### REQUIRED ACTION
Could you output the whole listing exactly as it stands, minus any images?

───

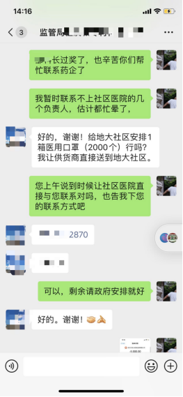 然后开始和接收方联系对接事宜,截止到2月3日下午16:00共联系到了15家医院和单位。18:30所有酒精安全分完。
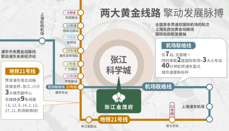 地铁21号线(在建中),进一步打通项目与张江的价值链条。 4站到达张江科学之门所在的学林路站 ,还 可换乘康桥东站与机场联络线 (已开通运营),可以覆盖张江各个重要产业园。 预计2026年年底实现通车运营,项目交房后就可以直接享受地铁通勤的便利!
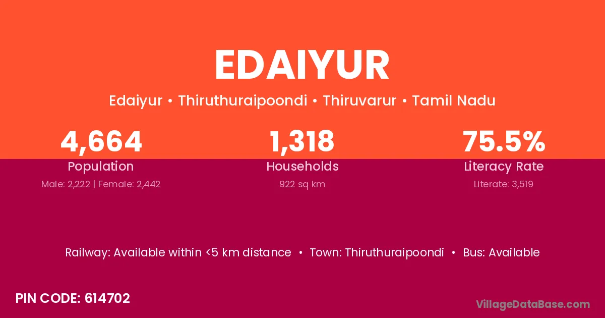 Edaiyur village has a total population of 1,227 people, of which 615 are males and 612 are females.
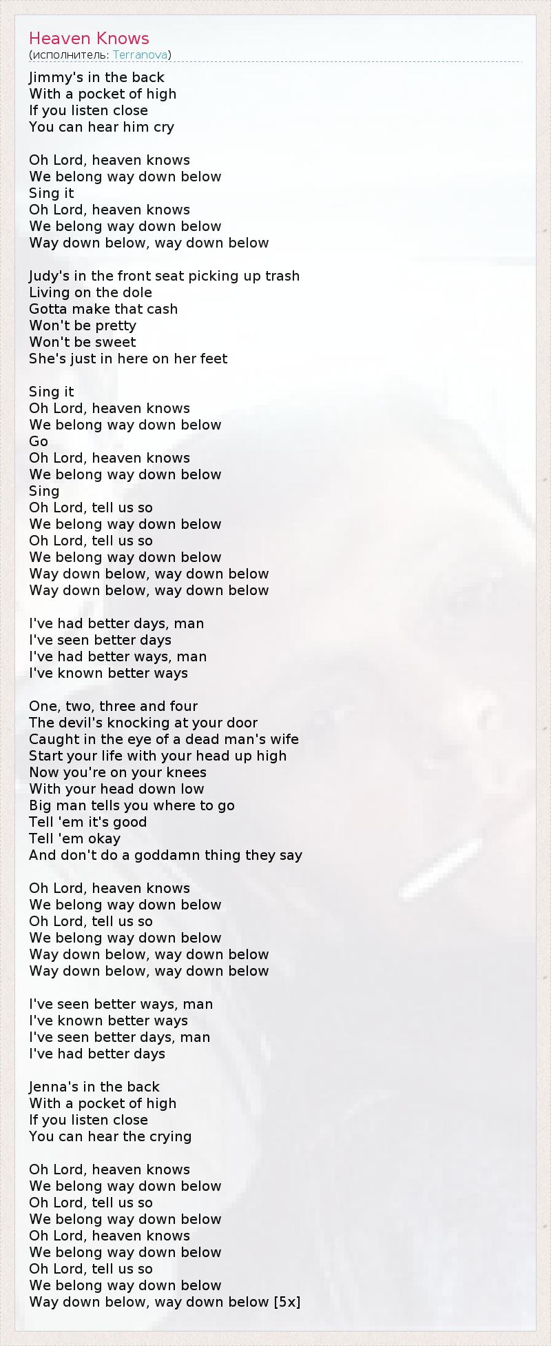 А как ты думаешь, о чем песня "Heaven Knows" ?
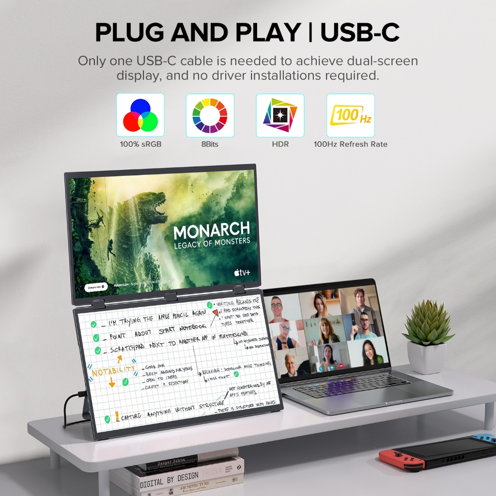 【Enviar do Brasil】UPERFECT portable Monitor Portátil Tela Dupla 18.5 inch 1080P 100Hz 1000:1 300Nits 100%sRGB Dua tela
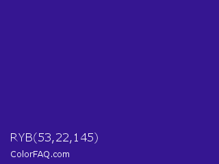 RYB 53,22,145 Color is a normal indigo color and the nearest color is Blue Gem #2c0e8c. Hex code #351691 and RGB value is rgb(53,22,145). In RGB color space, this color is composed of 21% red, 9% green, 57% blue, In CMYK color space, this color is composed of 63% cyan, 85% magenta, 0% yellow , 43% black , In HSL color space, this color has a hue angle of 255° , 74% saturation and 33% lightness.
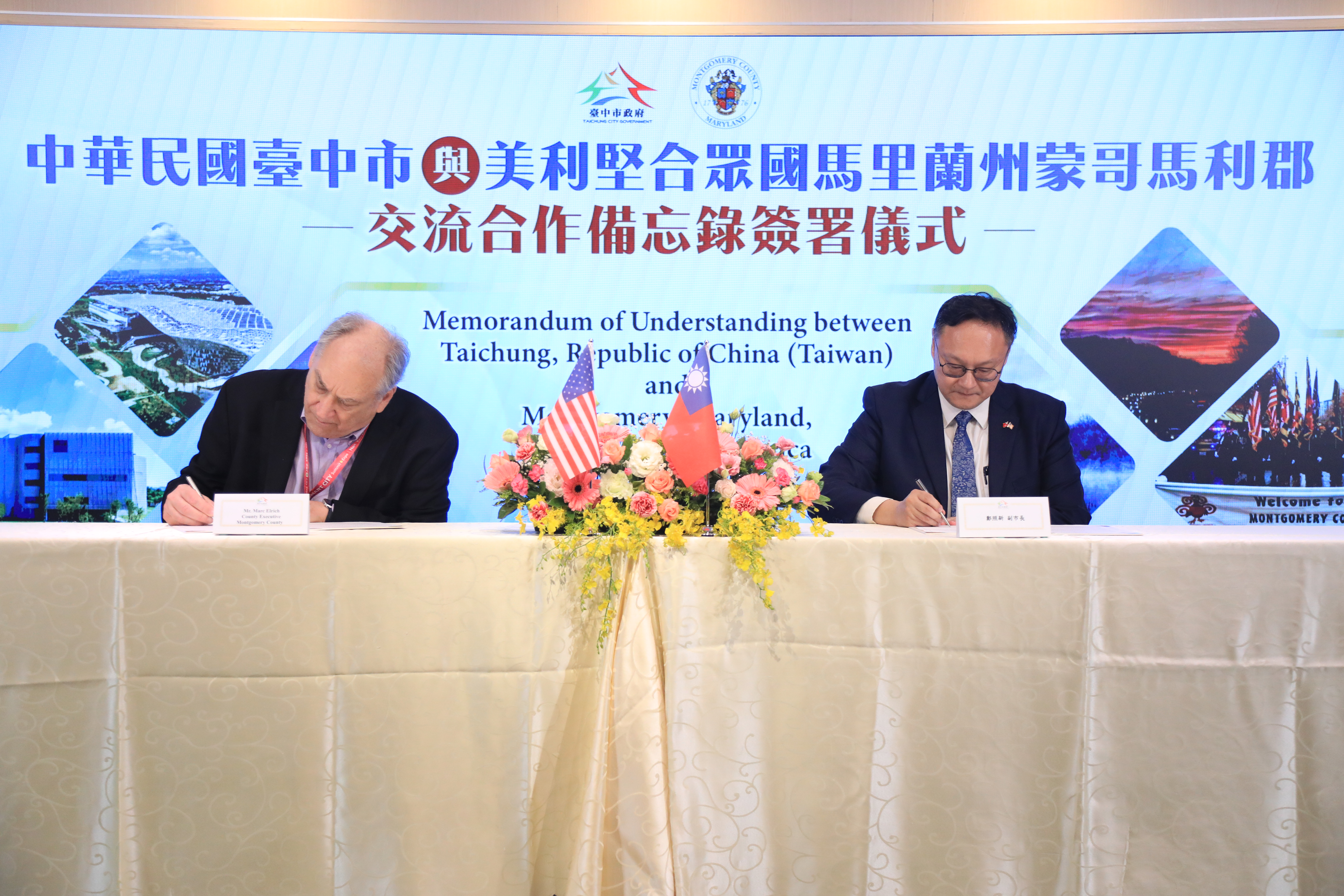 台中市政府持續拓展國際城市合作,副市長鄭照新昨(18)日與美國馬里蘭州蒙哥馬利郡(Montgomery County, Maryland)郡長艾瑞奇(Marc Elrich)共同簽署交流合作備忘錄,雙方將於人工智慧、生技醫療、智慧城市及經濟貿易等多元領域展開合作,攜手開創雙城發展新契機。
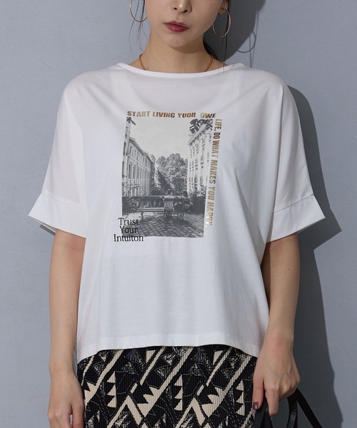 【フォトプリントTEE】 【Fabric】 肌触りのよいシルケットスムース生地 【Design】 コーディネートになじみやすいフォトデザイン×箔ロゴプリントの上品な大人デザインTEE。 後ろが少しラウンドしているので程よく縦長効果も。 【Styling】< デニムパンツやボリュームのあるスカートでカジュアルに、スラックスやタイトスカートと合わせて大人シックコーデと、幅広いコーディネートを楽しめます。 ------------------------- ■透け感:淡色若干 ■裏地:なし ■伸縮性:なし ■光沢感:なし ■生地の厚さ:普通 ------------------------- ☆★お買い物をお楽しみいただく為に★☆ ★商品のお気に入り登録 完売カラーの再入荷通知や、ラスト1点の通知、 セールの通知も受け取ることができます。 ★ブランドのお気に入り登録 新商品や再入荷等、ブランドのお得な情報を いち早く受け取ることができます。
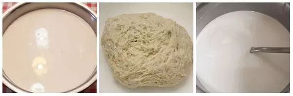 3、揉到水成为白色的面糊,就要将面糊倒到另一个盆中备用,然后往面团中再填一些水继续揉。这是洗了三遍的样子。大概洗个五六遍就可以了。
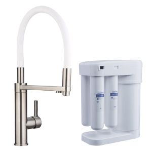 Смеситель для кухни Swedbe Selene Plus 8641M в комплекте с фильтром Аквафор Морион нержавеющая сталь/белый

───

### SOLUTION BELOW
 然后开始和接收方联系对接事宜,截止到2月3日下午16:00共联系到了15家医院和单位。18:30所有酒精安全分完。
 地铁21号线(在建中),进一步打通项目与张江的价值链条。 4站到达张江科学之门所在的学林路站 ,还 可换乘康桥东站与机场联络线 (已开通运营),可以覆盖张江各个重要产业园。 预计2026年年底实现通车运营,项目交房后就可以直接享受地铁通勤的便利!
 Edaiyur village has a total population of 1,227 people, of which 615 are males and 612 are females.
 А как ты думаешь, о чем песня "Heaven Knows" ?
 【Enviar do Brasil】UPERFECT portable Monitor Portátil Tela Dupla 18.5 inch 1080P 100Hz 1000:1 300Nits 100%sRGB Dua tela
 RYB 53,22,145 Color is a normal indigo color and the nearest color is Blue Gem #2c0e8c. Hex code #351691 and RGB value is rgb(53,22,145). In RGB color space, this color is composed of 21% red, 9% green, 57% blue, In CMYK color space, this color is composed of 63% cyan, 85% magenta, 0% yellow , 43% black , In HSL color space, this color has a hue angle of 255° , 74% saturation and 33% lightness.
 台中市政府持續拓展國際城市合作,副市長鄭照新昨(18)日與美國馬里蘭州蒙哥馬利郡(Montgomery County, Maryland)郡長艾瑞奇(Marc Elrich)共同簽署交流合作備忘錄,雙方將於人工智慧、生技醫療、智慧城市及經濟貿易等多元領域展開合作,攜手開創雙城發展新契機。
 【フォトプリントTEE】 【Fabric】 肌触りのよいシルケットスムース生地 【Design】 コーディネートになじみやすいフォトデザイン×箔ロゴプリントの上品な大人デザインTEE。 後ろが少しラウンドしているので程よく縦長効果も。 【Styling】< デニムパンツやボリュームのあるスカートでカジュアルに、スラックスやタイトスカートと合わせて大人シックコーデと、幅広いコーディネートを楽しめます。 ------------------------- ■透け感:淡色若干 ■裏地:なし ■伸縮性:なし ■光沢感:なし ■生地の厚さ:普通 ------------------------- ☆★お買い物をお楽しみいただく為に★☆ ★商品のお気に入り登録 完売カラーの再入荷通知や、ラスト1点の通知、 セールの通知も受け取ることができます。 ★ブランドのお気に入り登録 新商品や再入荷等、ブランドのお得な情報を いち早く受け取ることができます。
 3、揉到水成为白色的面糊,就要将面糊倒到另一个盆中备用,然后往面团中再填一些水继续揉。这是洗了三遍的样子。大概洗个五六遍就可以了。
 Смеситель для кухни Swedbe Selene Plus 8641M в комплекте с фильтром Аквафор Морион нержавеющая сталь/белый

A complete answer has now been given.